There’s also something that I find cathartic about actually creating the cross. Cutting all the dead branches off the Christmas tree is kind of a pain. It’s messy, prickly, cold January work. It brings to mind associations of Jesus the carpenter, Jesus the “righteous branch,” Jesus the atoning sacrifice.
I can’t help but reflect, as I make the cross, on the fact that it was a tree that Jesus died on and that my own sin deserves the same fate. Usually, it’s just me out there in the backyard preparing the cross. How can I not think of Jesus’ words in Luke 9, “And he said to all, “If anyone would come after me, let him deny himself and take up his cross daily and follow me.”
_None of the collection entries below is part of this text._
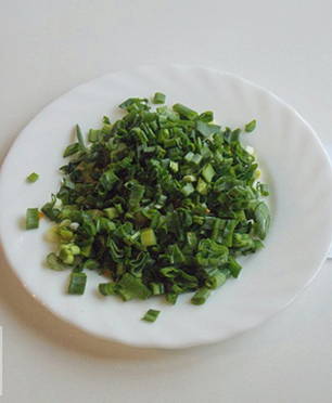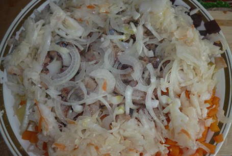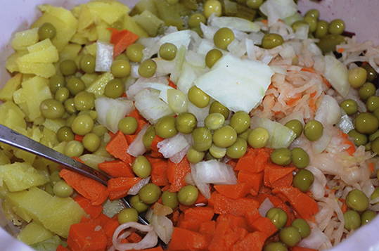 - Doe de groenten in een kom, voeg zuurkool en doperwten toe. Voeg gesnipperde uien toe.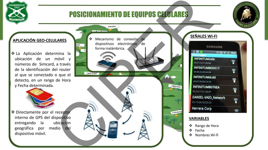 Smith explicó en detalle a los miembros de la UIOE cómo funcionaba su nueva creación para geolocalizar celulares, en una presentación en power point el 20 de diciembre de 2017. “La aplicación determina la ubicación de un móvil y números de simcard, a través de la identificación del router al que se ha conectado o que él detectó, en un rango de hora y fecha determinada” (SIC), se lee en esa presentación. También utilizaría la información de antenas celulares: “Directamente por el receptor interno del GPS del dispositivo entregando la ubicación geográfica por medio del dispositivo móvil”.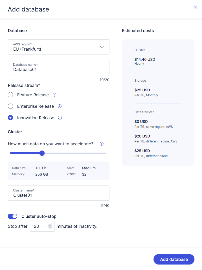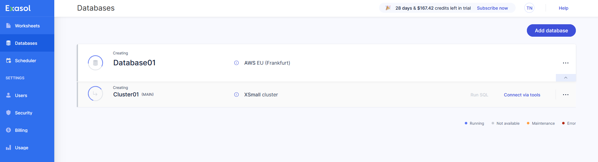 The first time you sign in, you will be asked to add a new database. If you are already signed in to Exasol SaaS, you can add a new database from the Databases page.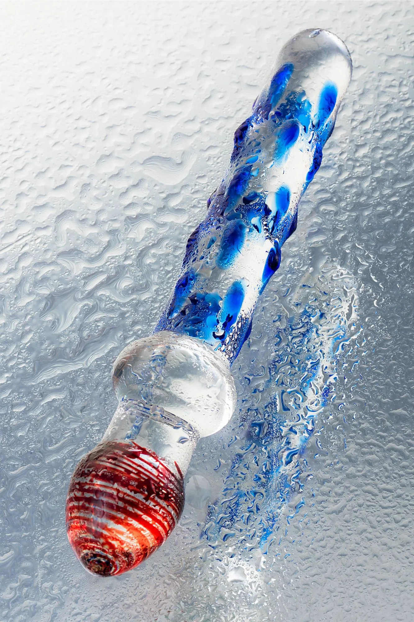 Элегантный дизайн, уникальное художественное оформление. Стекло - наиболее гипоаллергенный из всех существующих материалов. Легко нагревается и охлаждается для экспериментов с температурой. Очень прост в уходе благодаря гладкой, непористой поверхности. Общая длина — 20 см. Рабочая длина — 13 и 5 см.
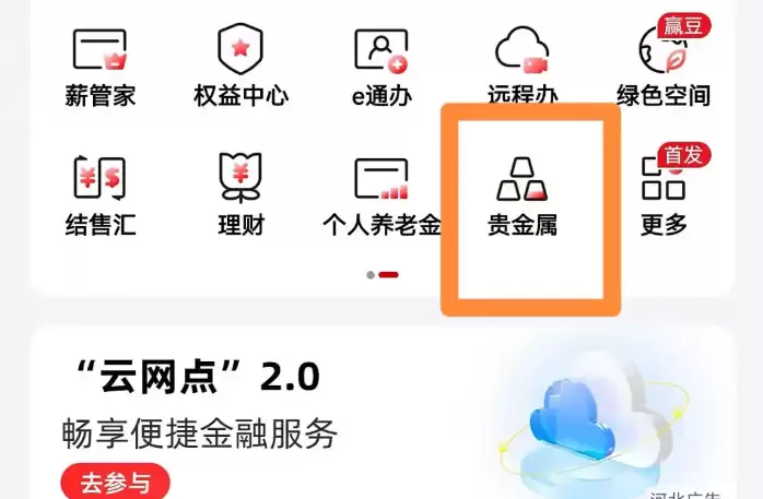 进入应用后,点击界面中的"贵金属"功能入口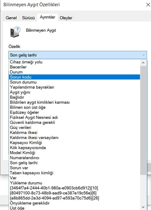 - İstediğiniz Cihaza çift tıklayın > Ayrıntılar > Özellik > Donanım kimlikleri seçtiğinizde cihazın donanım kimliklerini görebilirsiniz.
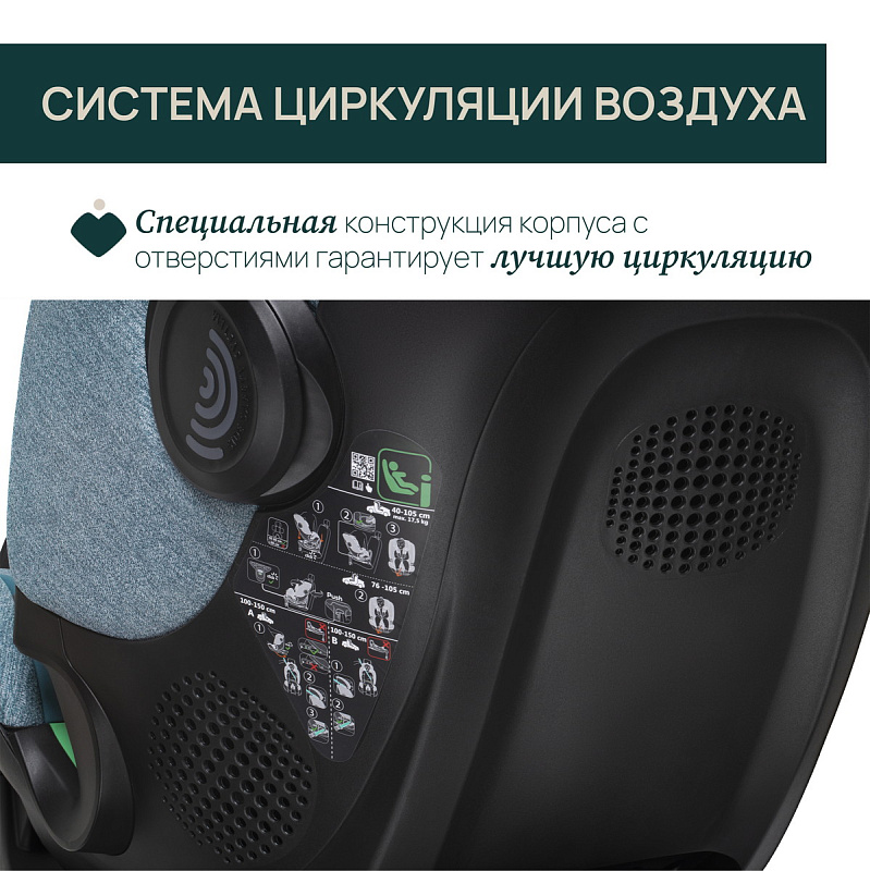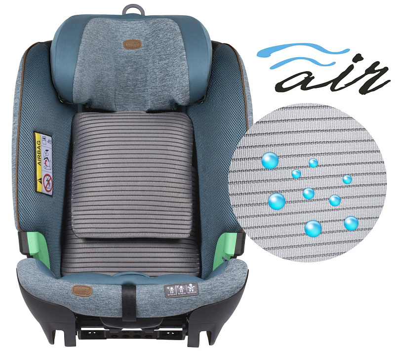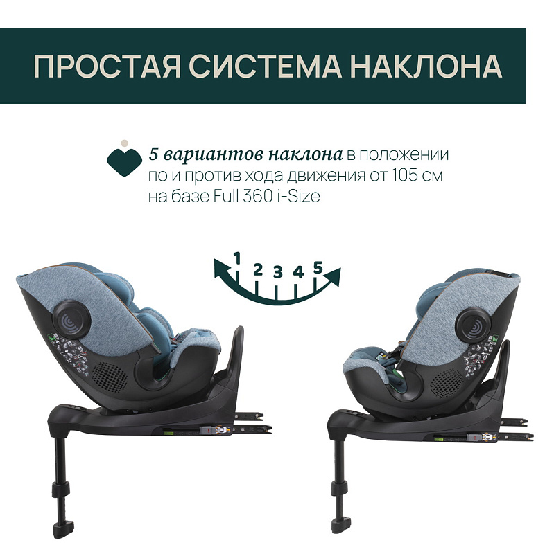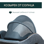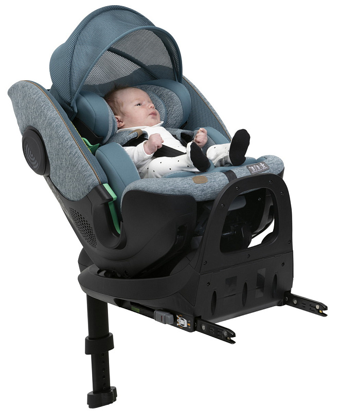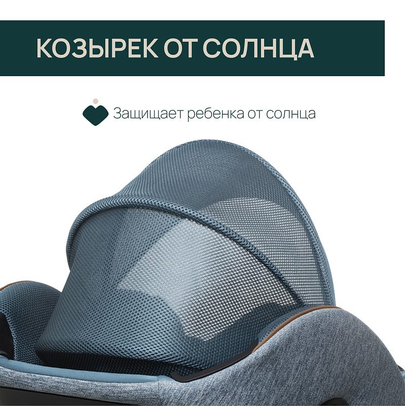 Кресло имеет 5 положений наклона при установке как против хода, так и по ходу движения. Для дополнительного комфорта предусмотрен встроенный воздухопроницаемый выдвижной козырек, защищающий от ультрафиолета.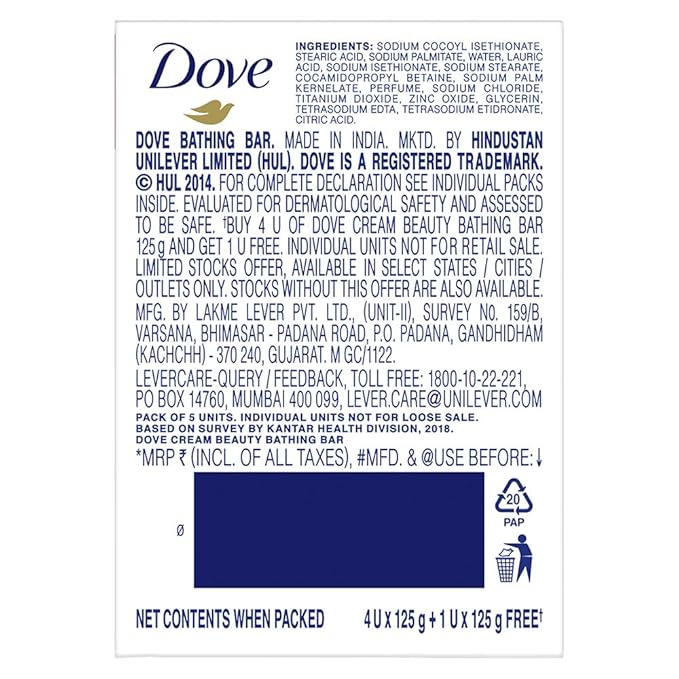 Dove Cream Beauty Bathing Bar (Pack of 5) 125g each For 24 Hour Nourished Skin with ¼ Moisturising Cream and Nutrient Serum

When I was a kid, it was always a sad day when we took down the family Christmas tree. Looking out the window as it laid out front, vibrant green needles faded to brown and gray, waiting to be picked up by the garbage truck. It seemed like an anticlimactic end to all the Christmas cheer.
Now our trees stay with us through the cold gray days of winter, out of the way, until the promise of spring and the Easter season approaches. Then our tree comes back out to take it’s place in our home, this time reminding us of the triumphant conclusion of Christ’s earthly work and still reminding us of the advent that is yet to come.